● **Problem details**
Copy each line below exactly as it appears. Pictures are to be omitted.

(Data records)
* * *
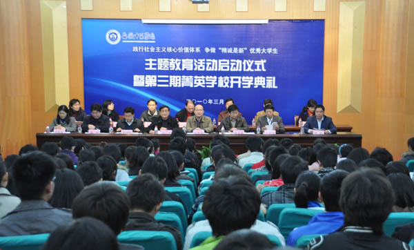3月25日下午,学校隆重举行“践行社会主义核心价值体系,争做‘精诚是新’优秀大学生”学生主题教育活动启动仪式暨第三期大学生菁英学校开学典礼。团省委副书记汪华东、学校部部长李国阳,校党委副书记雷广宁,党...
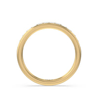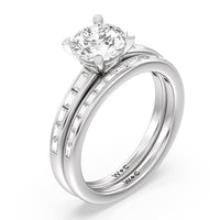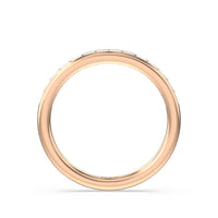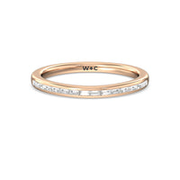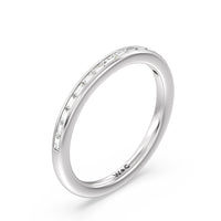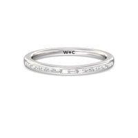 This curved diamond set wedding band is perfectly contoured to complement our channel set kite basket solitaire engagement ring for a simple and sophisticated look.
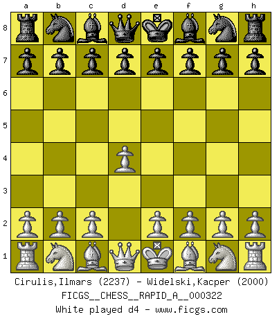 Last move : d4 2026 April 22 4:43:41 White clock - 30 days 19:46:19 Black clock - 29 days 21:09:11 [Event "FICGS__CHESS__RAPID_A__000322"] [Site "FICGS"] [Date "2026.04.22"] [Round "1"] [White "Cirulis,Ilmars"] [Black "Widelski,Kacper"] [Result "*"] [WhiteElo "2237"] [BlackElo "2000"] 1.d4 * Follow this game move after move (download)The hardest game to win is a won game. (Emanuel Lasker) Mein Gehirn das ist mein zweitwichtigstes Organ [Aus dem Film: Der Schläfer]. (Woody Allen) La maestría del Ajedrez consiste esencialmente en analizar posiciónes de Ajedrez con precisión. (Mikhail Botvinnik) Comme les marins qui ont mille raisons différentes d'aller en mer, les joueurs d'échecs en ont tout autant avant de s'installer devant une table et jouer... (Vincent Bertignac, philosophe) Wisdom is the reward you get for a lifetime of listening when you'd have preferred to talk. (Doug Larson)
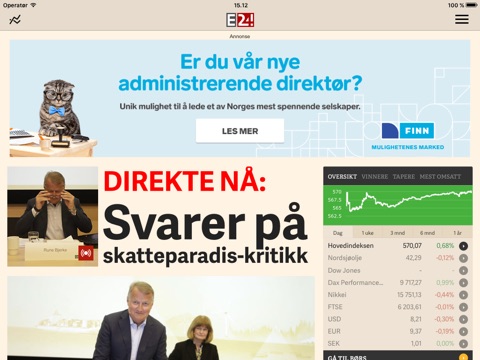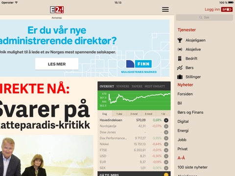 På E24 får du siste nytt, gode historier, innsikt og avslørende journalistikk innenfor næringsliv, norsk og internasjonal økonomi, børs og finans, olje og energi, oppdrett og havbruk, karriere og ledelse, teknologi, det grønne skiftet og privatøkonomi.
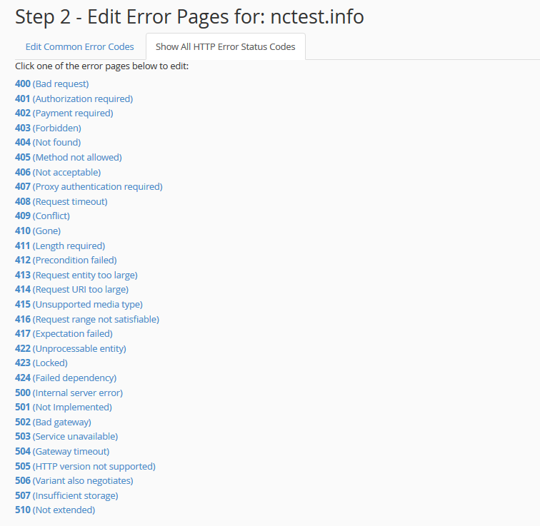 If you cannot find the needed error code in Edit Common Error Codes tab, switch to Show All HTTP Error Status Codes:
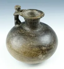 4 1/2" tall late Moche miniature human effigy bottle - Peru. Ex. Steve Puttera, Marvin King. |
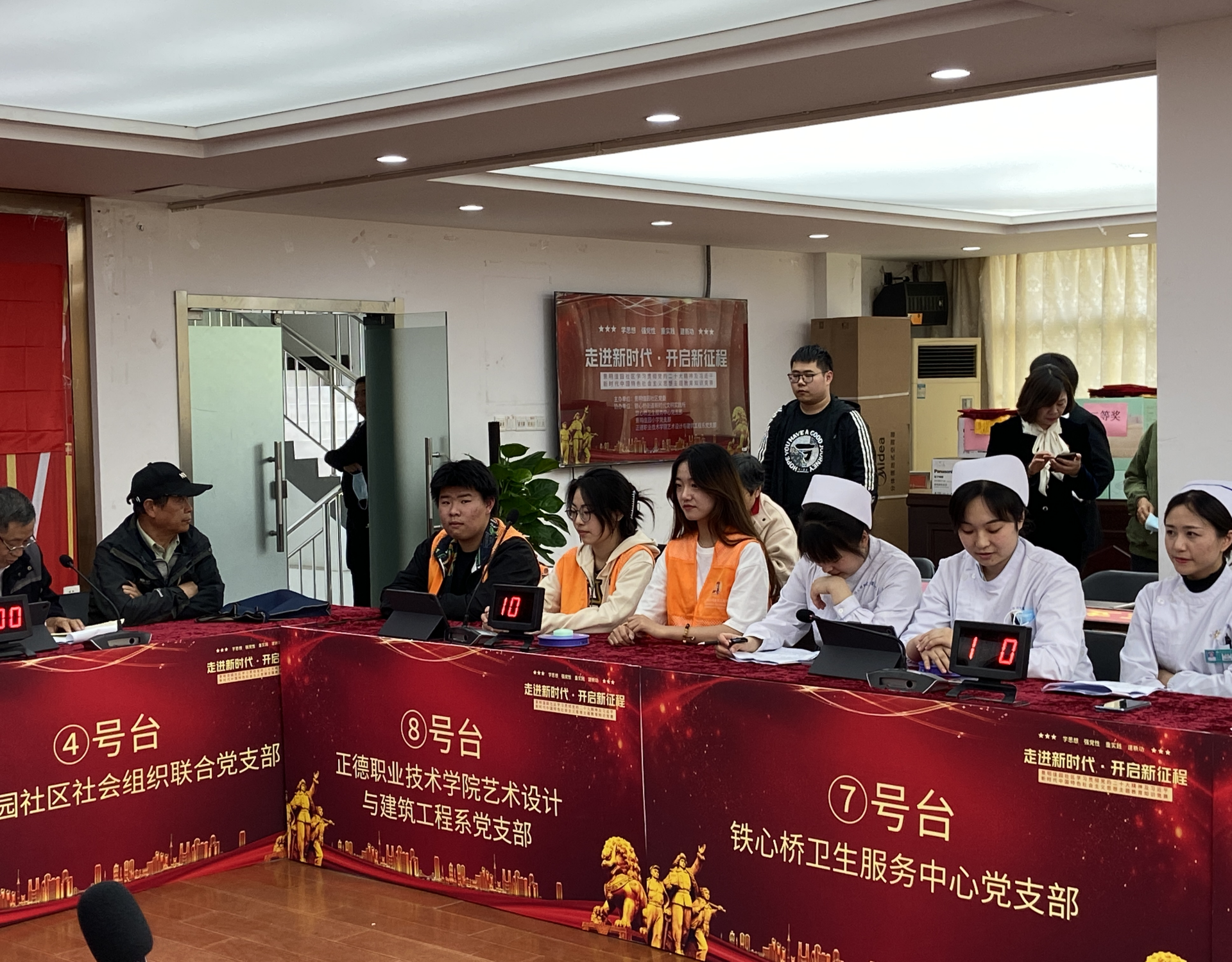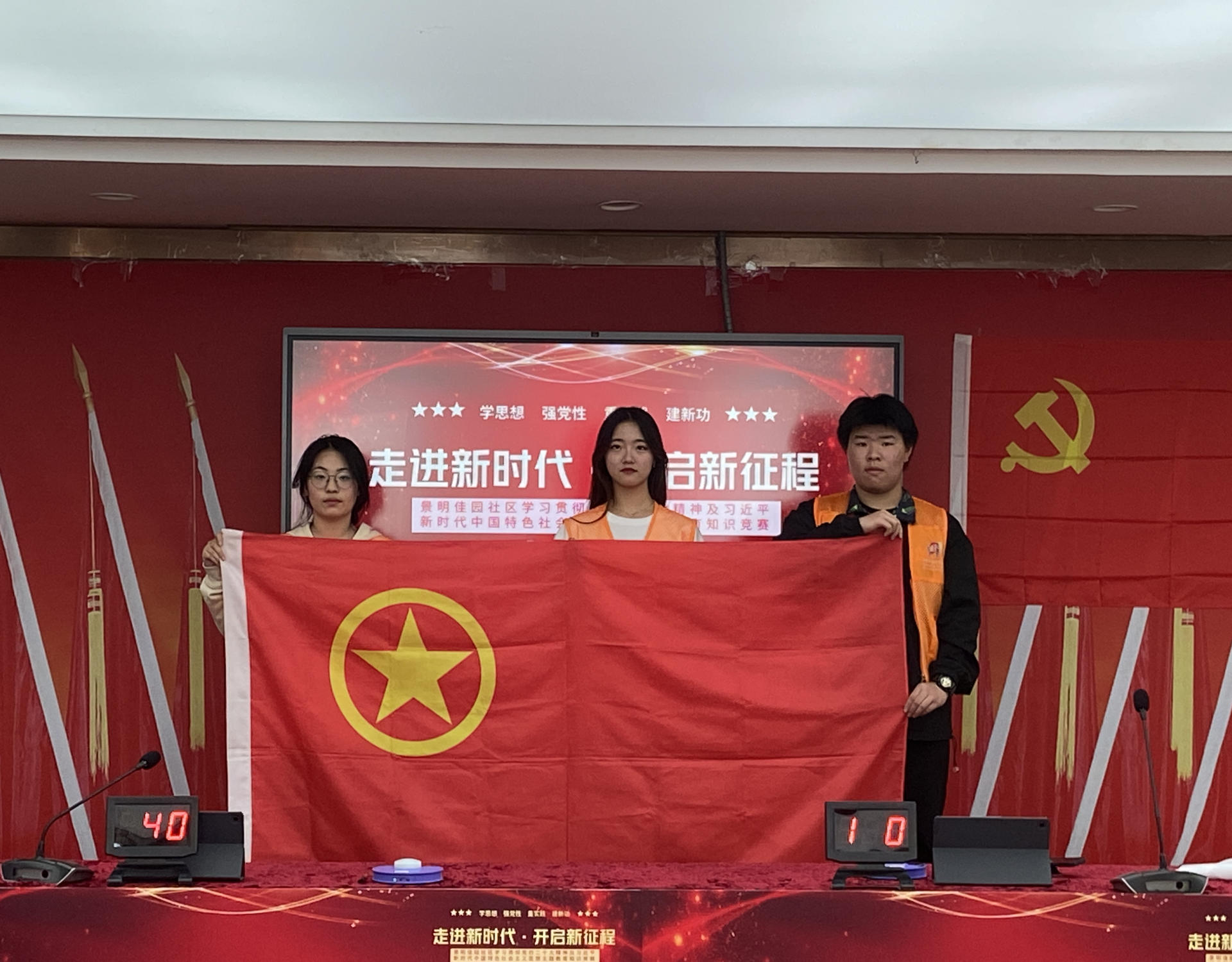 为深入学习贯彻党的二十大精神,引导支部成员和入党积极分子自觉以习近平新时代中国特色社会主义思想武装头脑,4月26日上午,由中共景明佳园社区党委举办的党建联建“党的二十大”精神及习近平新时代中国特色社会主义思想主题教育知识竞赛在景明佳园社区党群服务中心举办,除承办单位外,还有铁心桥街道新时代文明实践所、铁心桥卫生服务中心党支部、景明佳园小学党支部代表队等8个队参与竞赛,探花porn 艺术设计与建筑工程系党支部在支部书记陈宏波的选拔下,派出了由程启芳老师领队,三名以入党积极分子组成的“红心”代表队参赛,队伍由陆凌岩、戴润江、朱洁雯三名同学组成。
* * *
● **Finished task**
3月25日下午,学校隆重举行“践行社会主义核心价值体系,争做‘精诚是新’优秀大学生”学生主题教育活动启动仪式暨第三期大学生菁英学校开学典礼。团省委副书记汪华东、学校部部长李国阳,校党委副书记雷广宁,党...
 This curved diamond set wedding band is perfectly contoured to complement our channel set kite basket solitaire engagement ring for a simple and sophisticated look.
 Last move : d4 2026 April 22 4:43:41 White clock - 30 days 19:46:19 Black clock - 29 days 21:09:11 [Event "FICGS__CHESS__RAPID_A__000322"] [Site "FICGS"] [Date "2026.04.22"] [Round "1"] [White "Cirulis,Ilmars"] [Black "Widelski,Kacper"] [Result "*"] [WhiteElo "2237"] [BlackElo "2000"] 1.d4 * Follow this game move after move (download)The hardest game to win is a won game. (Emanuel Lasker) Mein Gehirn das ist mein zweitwichtigstes Organ [Aus dem Film: Der Schläfer]. (Woody Allen) La maestría del Ajedrez consiste esencialmente en analizar posiciónes de Ajedrez con precisión. (Mikhail Botvinnik) Comme les marins qui ont mille raisons différentes d'aller en mer, les joueurs d'échecs en ont tout autant avant de s'installer devant une table et jouer... (Vincent Bertignac, philosophe) Wisdom is the reward you get for a lifetime of listening when you'd have preferred to talk. (Doug Larson)
 På E24 får du siste nytt, gode historier, innsikt og avslørende journalistikk innenfor næringsliv, norsk og internasjonal økonomi, børs og finans, olje og energi, oppdrett og havbruk, karriere og ledelse, teknologi, det grønne skiftet og privatøkonomi.
 If you cannot find the needed error code in Edit Common Error Codes tab, switch to Show All HTTP Error Status Codes:
 4 1/2" tall late Moche miniature human effigy bottle - Peru. Ex. Steve Puttera, Marvin King. |
 为深入学习贯彻党的二十大精神,引导支部成员和入党积极分子自觉以习近平新时代中国特色社会主义思想武装头脑,4月26日上午,由中共景明佳园社区党委举办的党建联建“党的二十大”精神及习近平新时代中国特色社会主义思想主题教育知识竞赛在景明佳园社区党群服务中心举办,除承办单位外,还有铁心桥街道新时代文明实践所、铁心桥卫生服务中心党支部、景明佳园小学党支部代表队等8个队参与竞赛,探花porn 艺术设计与建筑工程系党支部在支部书记陈宏波的选拔下,派出了由程启芳老师领队,三名以入党积极分子组成的“红心”代表队参赛,队伍由陆凌岩、戴润江、朱洁雯三名同学组成。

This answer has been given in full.